R Functions

https://github.com/RUMgroup/R-Functions/

Martin Herrerias Azcue

ResearchIT, University of Manchester

2023-11-28

Function Syntax

Functions are blocks of code that process input arguments and return some output.

They’re different from scripts in that they have their own environment, and clearly defined inputs and output.

R/function_syntax.R
# multiply two numbers, and say hello [documentation]
multiply <- function(a, b) { # [header]: [name] <- function([arguments])

  # [body]
  answer <- a * b
  print("hello") # [side effects]

  return(answer) # [return value]
}

Function Syntax (cont.)

source("R/function_syntax.R")
result <- multiply(6, 7) # [function call]
[1] "hello"
result
[1] 42
ls()
[1] "multiply" "result"  

Note

  • Functions are variables, i.e. variable name rules apply to function names
  • The code in the function body runs when the function is called, not when it’s sourced
  • Variables inside a function are private (e.g. a, b, and answer exist only inside multiply)

Motivation

After years of research, you’ve come up with the following script:

R/bread_script.R
# An example script that defines a bread recipe

flour_weight <- 1.0
water_weight <- 0.7 * flour_weight
bread_weight <- 0.9 * (flour_weight + water_weight)
cat("Bread weight:", bread_weight, "kg", "\n")
source("R/bread_script.R")
Bread weight: 1.53 kg 
ls()
[1] "bread_weight" "flour_weight" "water_weight"

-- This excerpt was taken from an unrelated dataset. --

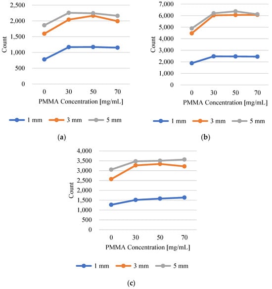 Figure 11 and Figure 12 present the photon-counting data. Overall, it was determined that a concentration of 50 mg/mL resulted in the greatest increase in the photon count. The reason for the distinct differences in the rate of increase with varying concentrations is the varying levels of transmittance and absorbance, which are dependent on the concentration ratio of the CsPbBr3 and PMMA mixture. Consequently, the optimal transmittance was observed when the CsPbBr3 to PMMA ratio was 1:5.

How NOT to write code variations

R/worst_idea.R
# How NOT to write variations of the same code

flour_weight <- 1.0
water_weight <- 0.7 * flour_weight
bread_weight <- 0.9 * (flour_weight + water_weight)
cat("Bread weight:", bread_weight, "kg", "\n")

flour_weight_2 <- 2.0
water_weight_2 <- 0.8 * flour_weight_2
bread_weight_2 <- 0.9 * (flour_weight_2 + water_weight_2)
cat("Bread weight:", bread_weight_2, "kg", "\n")
source("R/worst_idea.R")
Bread weight: 1.53 kg 
Bread weight: 3.24 kg 

Problems

ls()
[1] "bread_weight"   "bread_weight_2" "flour_weight"   "flour_weight_2"
[5] "water_weight"   "water_weight_2"
  • Code duplication (errors have to be fixed in multiple places)
  • Proliferation of variables (hard to keep using meaningful names)
  • Verbosity (hard to grasp the “big picture”)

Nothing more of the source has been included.